Convert this sum to normal expression

Question

If I have a sum like this: $$2\sum_{i=0}^{n-1}3^i(3^{n-i}-1)$$ How do I convert it so that I can lose the sum. For example if it was $$\sum_{i=0}^{n}n$$ then the result would be $$\frac{n(n-1)}{2}$$ Is there a general principle how to do this, for example like for geometric sums?

Answer 1

The general principles are the rules of arithmetic operations, operator precedence rules and the linearity of the summation-operator $\sum$. Some of the general identities of the summation operator are often useful. Based upon this information you might be able to provide an explanation of the steps below.

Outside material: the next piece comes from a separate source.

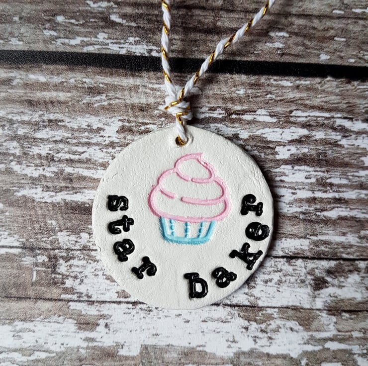 This listing is for one "Star Baker" style tag, with a cute cupcake design.

We obtain \begin{align*} \color{blue}{2\sum_{i=0}^{n-1}3^i\left(3^{n-i}-1\right)}&= 2\sum_{i=0}^{n-1}\left(3^n-3^i\right)\\ &=2\cdot3^n\sum_{i=0}^{n-1}1-2\sum_{i=0}^{n-1}3^i\\ &=2\cdot 3^nn-2\cdot\frac{3^n-1}{3-1}\\ &=2\cdot 3^nn-3^n+1\\ &\,\,\color{blue}{=3^n(2n-1)+1} \end{align*}